Several recent developments in mobile malware are conspiring to raise the threat level for Android users, making it easier for attackers to convert legitimate applications into malicious apps and to undermine the technology that security experts use to tell the difference.
Last week, Symantec warned about a new malware toolkit or “binder” designed to Trojanize legitimate Android apps with a backdoor that lets miscreants access infected mobile devices remotely. Binders have been around in a variety of flavors for many years, but they typically are used to backdoor Microsoft Windows applications.
Symantec notes that the point-and-click Androrat APK Binder is being used in conjunction with an open-source remote access Trojan for Android devices called called AndroRAT. “Like other RATs, it allows a remote attacker to control the infected device using a user friendly control panel,” Symantec’s Andrea Lelli wrote. “For example, when running on a device, AndroRAT can monitor and make phone calls and SMS messages, get the device’s GPS coordinates, activate and use the camera and microphone and access files stored on the device.”

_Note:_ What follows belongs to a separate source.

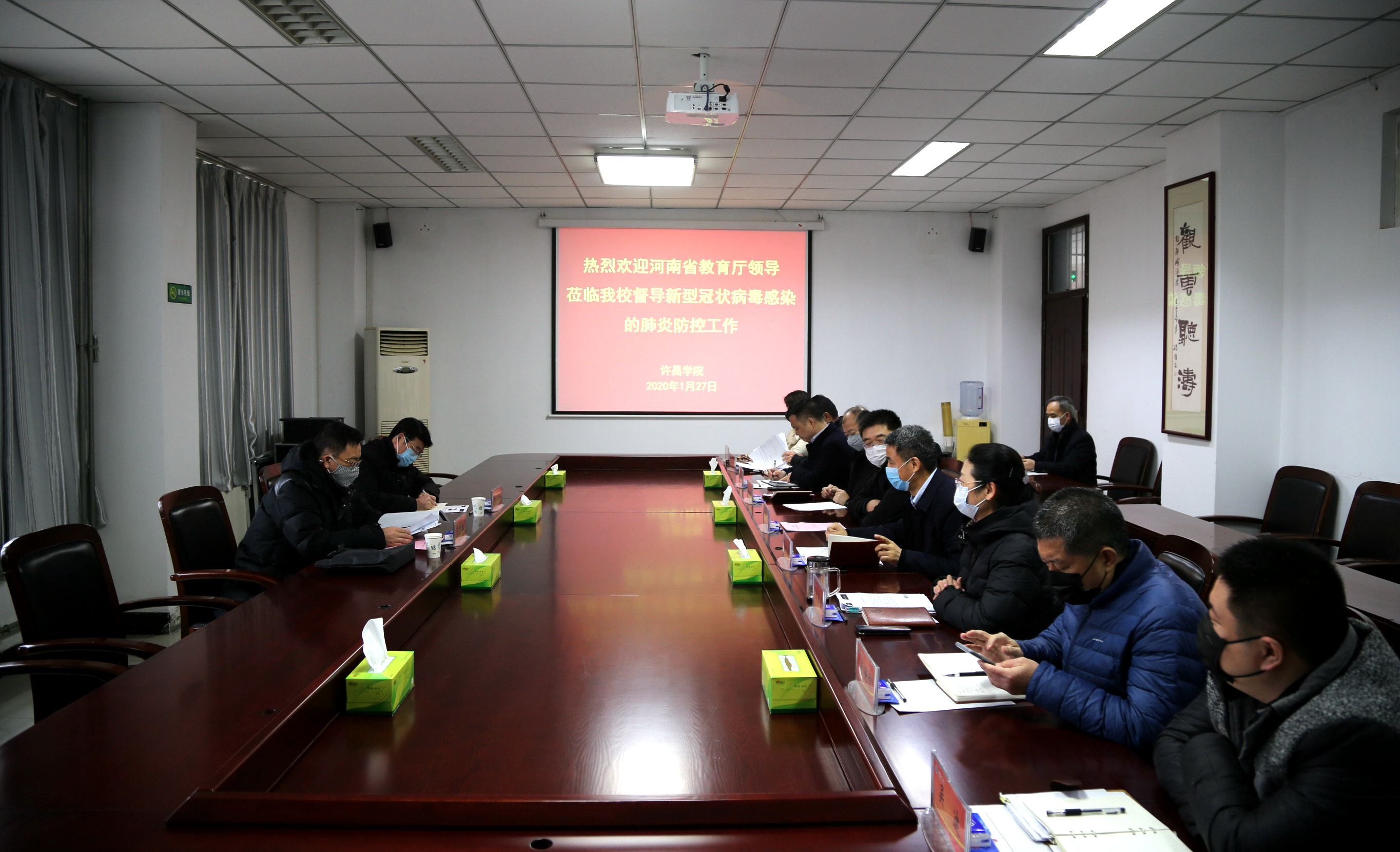 1月27日,省高校工委专职委员何秀敏,省教育厅发规处调研员胡万欣到永利官网,督导调研新型冠状病毒感染的肺炎疫情防控工作。校党委书记闫纪建、院长岳修峰、副院长崔斌,相关部门负责同志参加会议。

The company said while it has detected only a few hundred AndroRAT infections worldwide, but that it expects that number increase as more tools for AndroRAT like the APK binder emerge.

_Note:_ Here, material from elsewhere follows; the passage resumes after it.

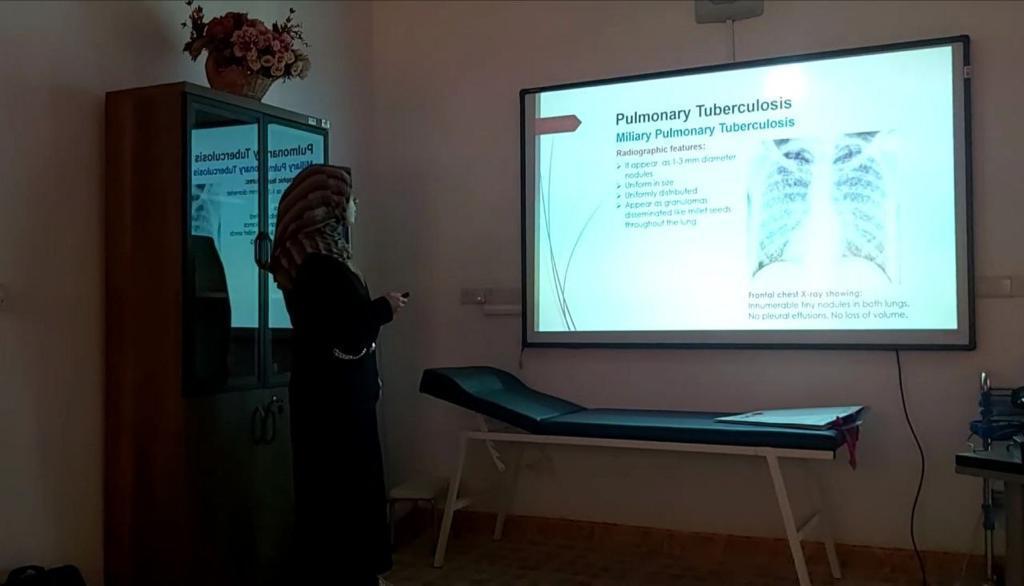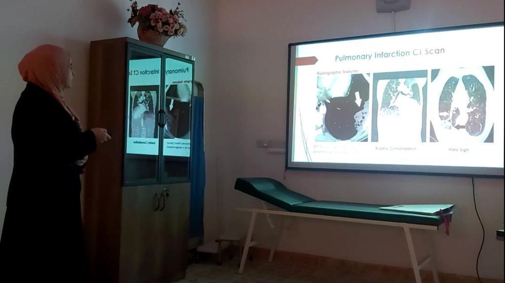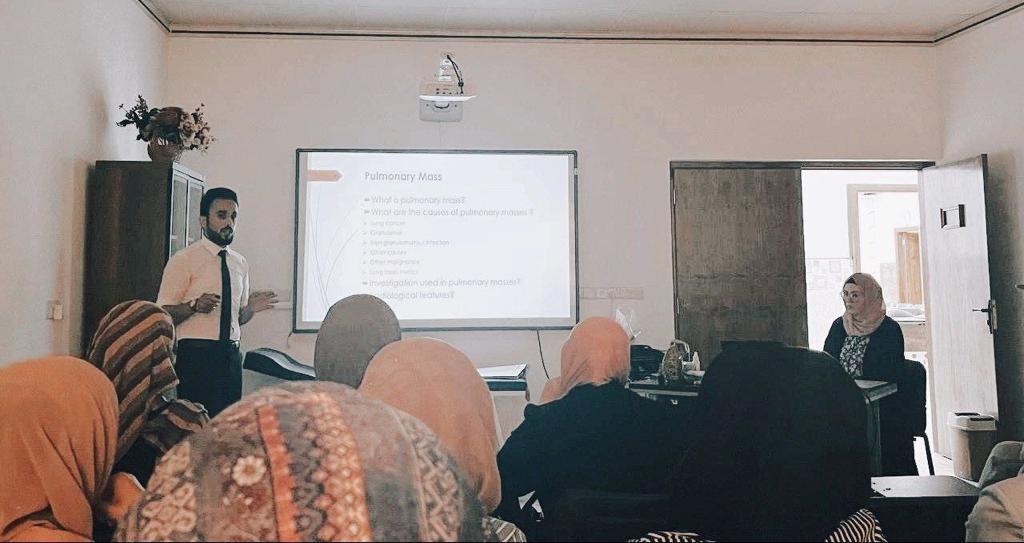 نظم فرع الاشعة سيمنارا علميا لطلبة المرحلة الخامسة يوم الاربعاء 20 نيسان 2022 بعنوان ” التشخيص الشعاعي لكتل واورام الرئة باستخدام اشعة الصدر و جهاز المفراس الحلزوني للرئة ” , حضر الاجتماع رئيس الفرع المدرس الدكتورة داليا عبد القادر الفلكي وعموم تدريسي الفرع

Perhaps more worryingly, Symantec said this week that it had discovered two malicious Android apps in the wild that take advantage of a newly discovered and potentially quite serious security hole in Android applications. As first outlined roughly two weeks ago by researchers at BlueBox Security, the so-called “Master Key” vulnerability could let attackers convert almost any Android application into a Trojan, all without altering its cryptographic digital signature. Android uses these signatures to determine if an app is legitimate and to verify that an app hasn’t been tampered with or modified.